DATA EXCERPT:
--------------------
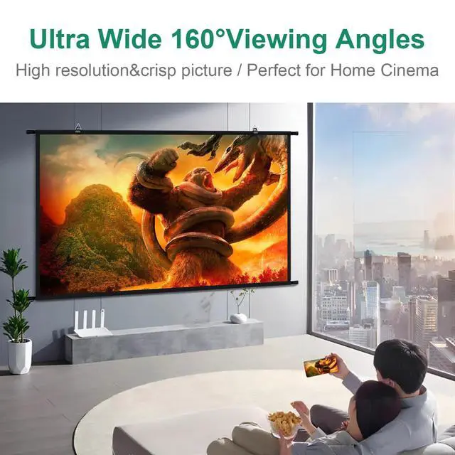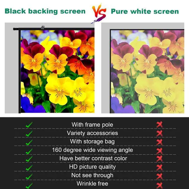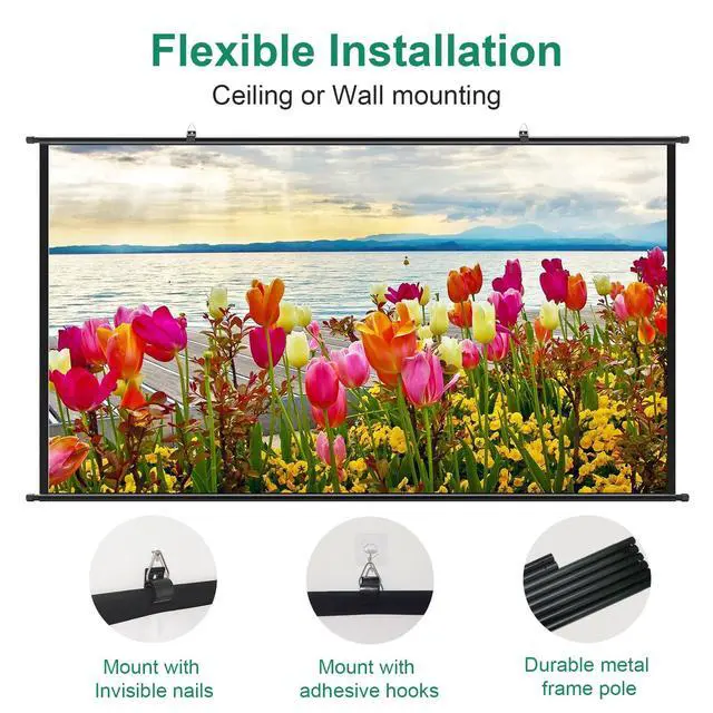 [Portable projector screen with carry bag]: The GAINVANE projection screen is a comfortable and quick solution for all those who want a space -saving, easy -to -transport product to be converted and quickly to be assembled without avoiding a large projection surface. The video screen is light and flexible and can be stowed away in the storage bag after used due to its compact design. ^^ [Easy to assemble and disassemble]: This hanging screen is quite easy to setup, only 5 minutes needed for one person to finish installation. It is quickly and easily attached to the wall, the fence or in RV. the screen is equipped with eye hook, invisible nails and hangers that can be hung anywhere to be ready for use if necessary. ^^ [High quality screen with black backing]: GAINVANE projection screen is a white, high quality polyester screen with a display area of: 89 x 50, an image format of 16:9 and a diagonal of 100 inches. These dimensions correspond to the dimensions of the projected image. A gloss white projection surface with black backing layer support front projection only, with gain 1.0 effect, you will get a great picture quality and vivid color. ^^ [Variety size for option]: This high-quality projection screen is available in different sizes, so you will surely find a suitable screen for your requirements. GAINVANE projection screens have HD and 3D options and are compatible with all HD and 3D projectors on the market. ^^ [Wide application movie screen]: This hanging projection screen is ideal for the home cinema and backyard movie night, you will never worry about light see through problem. it enables a big family to enjoy a movie night together due to a wide viewing angle of 160 degree. GAINVANE projection screen are also suitable for use in the private environment (games, films) but also in the professional field for e. g. presentations and slide lectures.
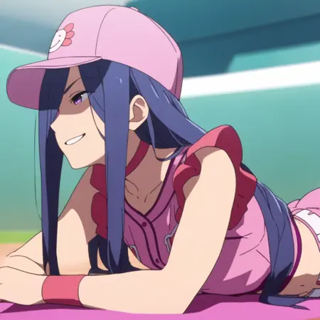 MoriiBaseball, hat, pink headwear, pink shirt, choker, collarbone, midriff, pink shorts, shirt, navel, belt, wristband,
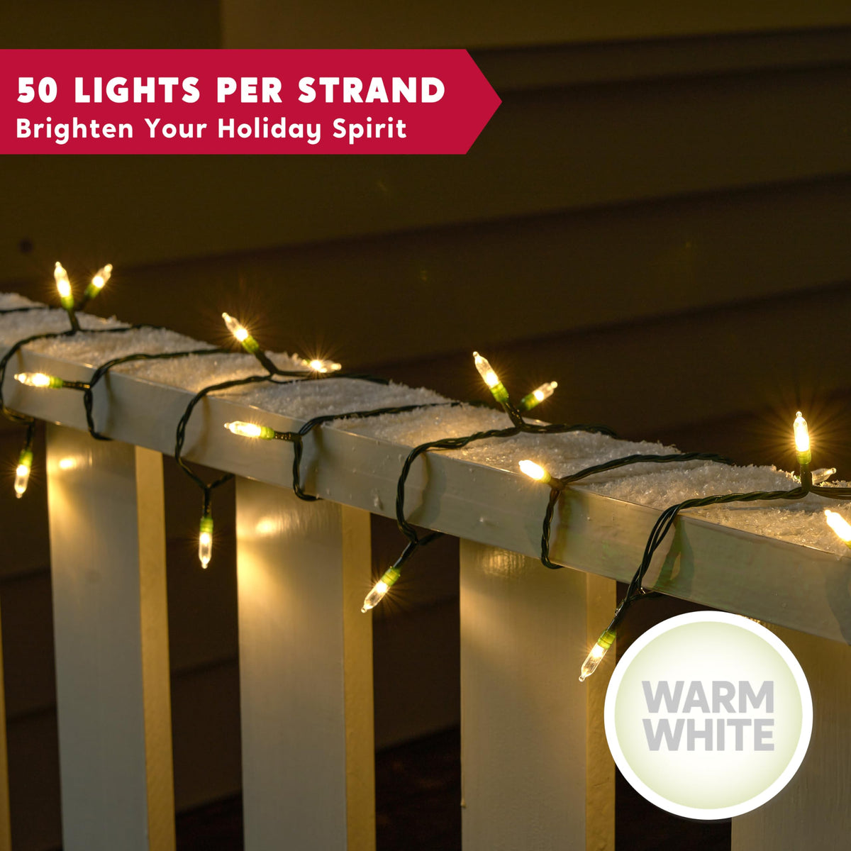 17.3ft Christmas Clear White 50 LED Green Wire String Lights, Battery Powered with 8 Modes 6 Hr Timer for Indoor and Outdoor Party, Home, Patio, Lawn, and Garden Holiday DecorationSUPER VALUE. This battery powered Christmas string light has 50 counts of warm white LED bulbs and measures at 17.3ft. Each set has 17.3 feet wire length and 16.3 ft lighted length. The bulbs interval is at 4 inches and its individual size is 3mm*16mm.EASY TO OPERATE. The string lights could change the lighting modes (Combination, In waves, Sequential, Slow Glow, Chasing/Flash, Slow fade, Twinkle/Flash, Steady on) by hitting the button in the battery box.IDEAL HOLIDAY LIGHTS. Our battery powered lights are flexible making it ideal to hang anywhere and to anything like trees, wreaths, patios, hedges, fences, pillars, weddings, holidays, home, festival decor lights, and more. Perfect also for Christmas, Thanksgiving, and many more holidays.PREMIUM QUALITY. Made of durable and high-quality materials to withstand any types of weather. This is UL certified which is safe to use.CUSTOMER SATISFACTION. Providing a great shopping experience is our main priority to our customers. Feel free to message us through contact sellers'' if products don't meet your expectations.
--------------------
Take the listing and print it again exactly, but without any pictures.

OUTPUT FOR THIS EXERCISE:
 [Portable projector screen with carry bag]: The GAINVANE projection screen is a comfortable and quick solution for all those who want a space -saving, easy -to -transport product to be converted and quickly to be assembled without avoiding a large projection surface. The video screen is light and flexible and can be stowed away in the storage bag after used due to its compact design. ^^ [Easy to assemble and disassemble]: This hanging screen is quite easy to setup, only 5 minutes needed for one person to finish installation. It is quickly and easily attached to the wall, the fence or in RV. the screen is equipped with eye hook, invisible nails and hangers that can be hung anywhere to be ready for use if necessary. ^^ [High quality screen with black backing]: GAINVANE projection screen is a white, high quality polyester screen with a display area of: 89 x 50, an image format of 16:9 and a diagonal of 100 inches. These dimensions correspond to the dimensions of the projected image. A gloss white projection surface with black backing layer support front projection only, with gain 1.0 effect, you will get a great picture quality and vivid color. ^^ [Variety size for option]: This high-quality projection screen is available in different sizes, so you will surely find a suitable screen for your requirements. GAINVANE projection screens have HD and 3D options and are compatible with all HD and 3D projectors on the market. ^^ [Wide application movie screen]: This hanging projection screen is ideal for the home cinema and backyard movie night, you will never worry about light see through problem. it enables a big family to enjoy a movie night together due to a wide viewing angle of 160 degree. GAINVANE projection screen are also suitable for use in the private environment (games, films) but also in the professional field for e. g. presentations and slide lectures.
 MoriiBaseball, hat, pink headwear, pink shirt, choker, collarbone, midriff, pink shorts, shirt, navel, belt, wristband,
 17.3ft Christmas Clear White 50 LED Green Wire String Lights, Battery Powered with 8 Modes 6 Hr Timer for Indoor and Outdoor Party, Home, Patio, Lawn, and Garden Holiday DecorationSUPER VALUE. This battery powered Christmas string light has 50 counts of warm white LED bulbs and measures at 17.3ft. Each set has 17.3 feet wire length and 16.3 ft lighted length. The bulbs interval is at 4 inches and its individual size is 3mm*16mm.EASY TO OPERATE. The string lights could change the lighting modes (Combination, In waves, Sequential, Slow Glow, Chasing/Flash, Slow fade, Twinkle/Flash, Steady on) by hitting the button in the battery box.IDEAL HOLIDAY LIGHTS. Our battery powered lights are flexible making it ideal to hang anywhere and to anything like trees, wreaths, patios, hedges, fences, pillars, weddings, holidays, home, festival decor lights, and more. Perfect also for Christmas, Thanksgiving, and many more holidays.PREMIUM QUALITY. Made of durable and high-quality materials to withstand any types of weather. This is UL certified which is safe to use.CUSTOMER SATISFACTION. Providing a great shopping experience is our main priority to our customers. Feel free to message us through contact sellers'' if products don't meet your expectations.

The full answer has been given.